INSTRUCTIONS FOR THE TASK
Pictures in the data below are not part of the copy; transcribe everything else exactly.

===== SOURCE MATERIAL

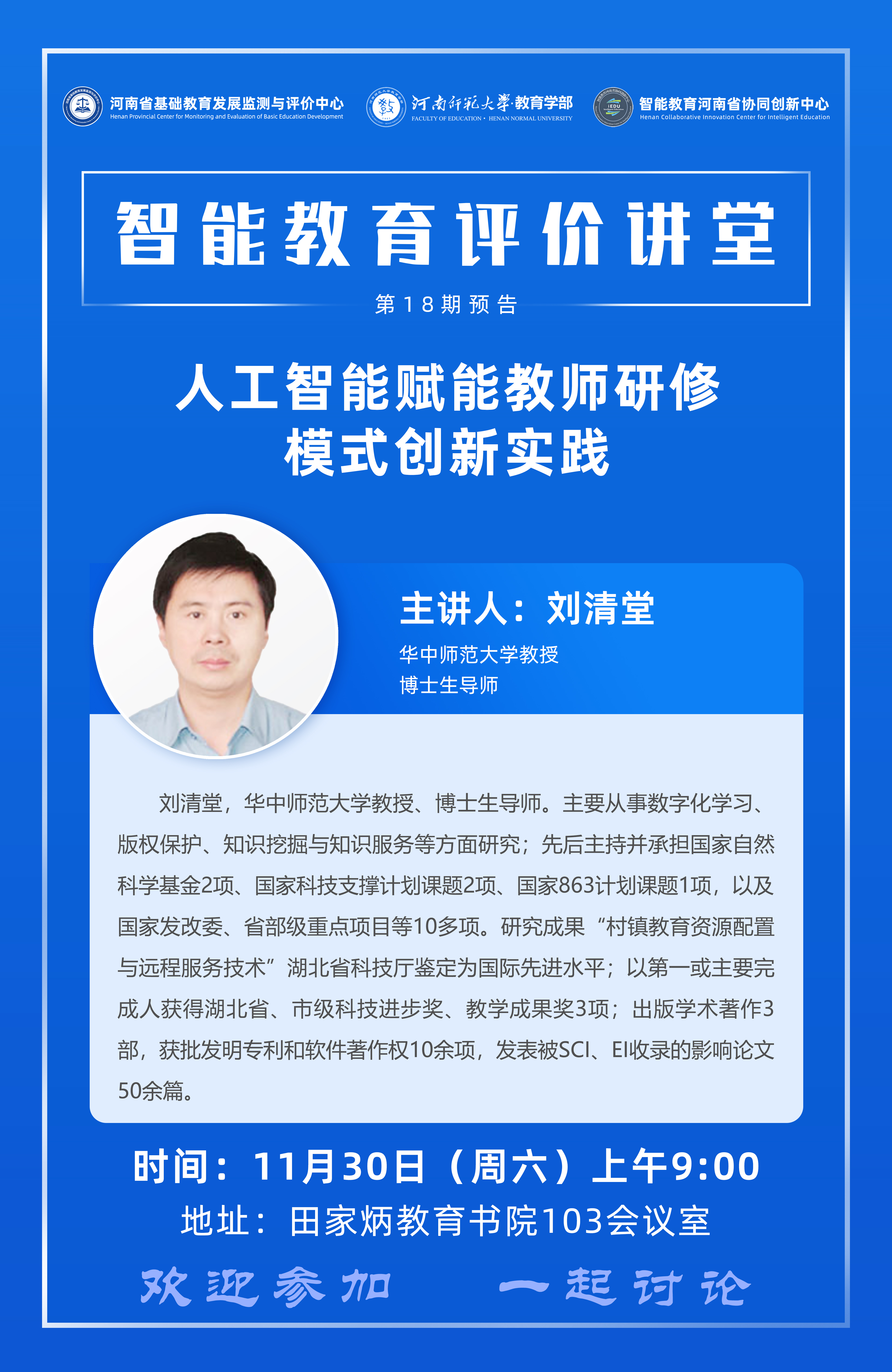 华中师范大学刘清堂教授将应邀做客智能教育评价讲堂
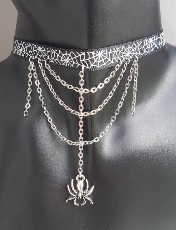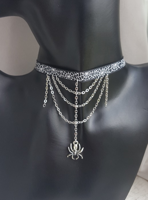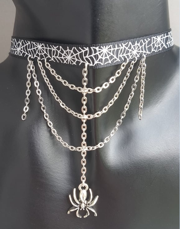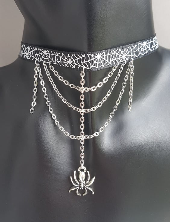 A gorgeous spooky spider charm and silvery chains dangle from a Spiderweb design Grosgain ribbon. A creepy cute necklace, fab as a gothic gift or for Halloween. Ribbon fastens with a trigger clasp and ring.
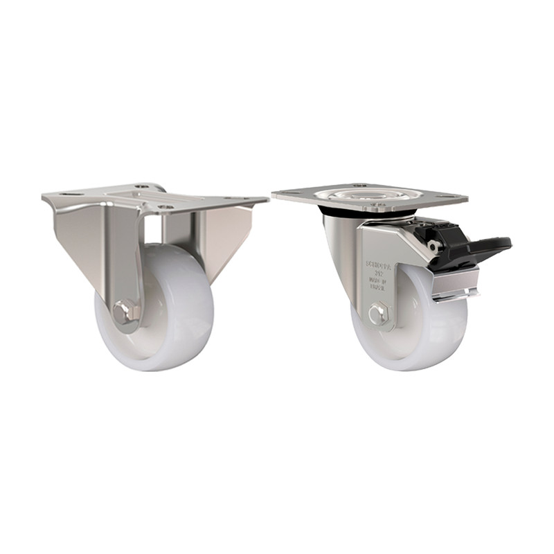 KIT 2 RODÍZIO FIXO GIRATÓRIO FREIO NYLON 312 NTT INOX 150KG
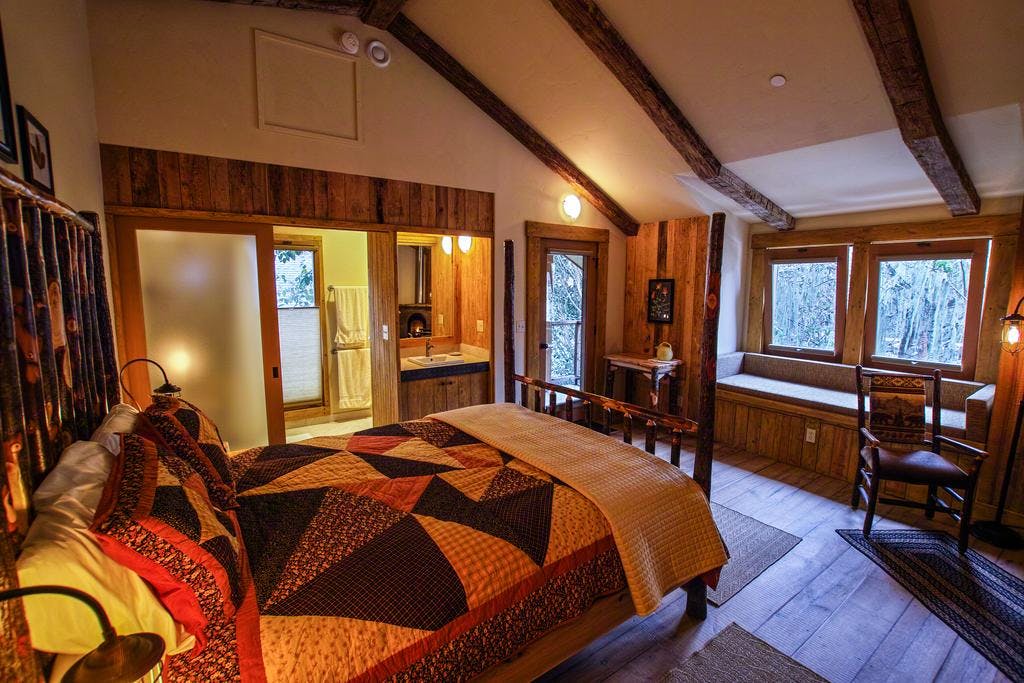 Beautiful and spacious second-floor room with private bath, wood beam ceilings, hand made furniture, wood floors, outside balcony, fireplace, work area and window seat. Very Quiet and peaceful location!

==========

SOLUTION TO THE EXERCISE
 华中师范大学刘清堂教授将应邀做客智能教育评价讲堂
 A gorgeous spooky spider charm and silvery chains dangle from a Spiderweb design Grosgain ribbon. A creepy cute necklace, fab as a gothic gift or for Halloween. Ribbon fastens with a trigger clasp and ring.
 KIT 2 RODÍZIO FIXO GIRATÓRIO FREIO NYLON 312 NTT INOX 150KG
 Beautiful and spacious second-floor room with private bath, wood beam ceilings, hand made furniture, wood floors, outside balcony, fireplace, work area and window seat. Very Quiet and peaceful location!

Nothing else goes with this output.